Ford Lowers its Outlook
Automotive giant Ford (NYSE: F) reported Tuesday that second-quarter net income had fallen 57 percent thanks to enormous losses in Europe, and that it is lowering its full-year profit outlook.
Benzinga reported Tuesday that Ford was expecting to see profits fall roughly 43 percent and, as expected, the crisis in Europe is slamming the brakes on the company revival that President and CEO Alan Mulally started.
According to the numbers released by Ford, second-quarter pre-tax operating profit came in at $1.8 billion, or 30 cents per share. Net income was $1 billion, or 26 cents per share, which is a huge decrease of $1.4 billion from the second quarter of last year.
Ford admits in the release that Ford Europe and Ford South America have tampered with any chance of a good quarter despite good results from Ford North America and Ford Credit. Ford North America recorded profits of more than $1 billion.
“The Ford team delivered another solid quarter driven by the strength of Ford North America and Ford Credit,” Mulally said. “We remain absolutely committed to continuing to make progress on our One Ford plan, including dealing decisively with near-term challenges, investing for future growth, and developing outstanding products with segment-leading quality, fuel efficiency, safety, smart design and value.”
Meanwhile, CFO Bob Shanks said, "We are reviewing all areas of our business to address the near-term challenges, while ensuring we build a strong foundation for our future. It is premature to discuss details of what our plans may be in response to the situation in Europe, but we will continue to communicate our plans at the appropriate times with all of our stakeholders.”

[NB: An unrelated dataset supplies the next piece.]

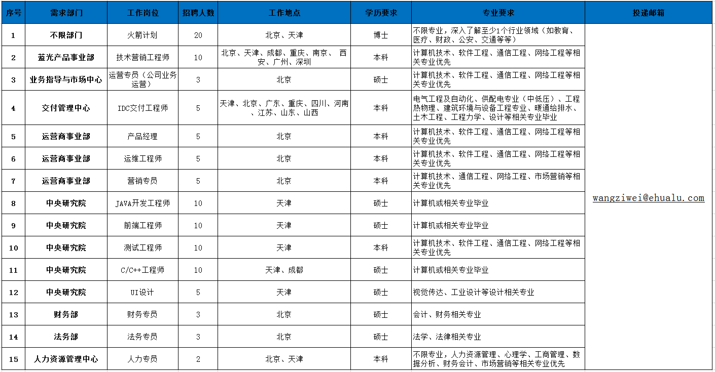 本次招聘以電子郵件方式接收簡(jiǎn)歷,應(yīng)聘者請(qǐng)將個(gè)人簡(jiǎn)歷發(fā)送至各單位招聘工作郵箱。
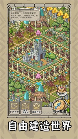 1、自由的创造经营游戏,玩家扮演创造者,孕育不同的种族。

Benzinga reported on May 23 that Ford's credit rating had been raised from Ba2 to Baa3 by Moody's, the second ratings agency to restore the Detroit car maker's investment grade rating.
The upgrade was particularly significant for the company, as it marked the end of Ford's seven-year period of paying higher junk bond interest rates. Overall, that meant that Ford could reclaim its blue oval logo, as well as billions of dollars worth of other assets that it pledged as collateral on $23.4 billion in loans that it borrowed back in 2006.
"We knew we could get this done," CEO Alan Mulally told reporters. "This is a very exciting day for everybody associated with Ford, our employees, our dealers, our suppliers. It's way up there on the highlight film for sure."
On Wednesday morning, Ford traded at about $9, down roughly 1.2 percent.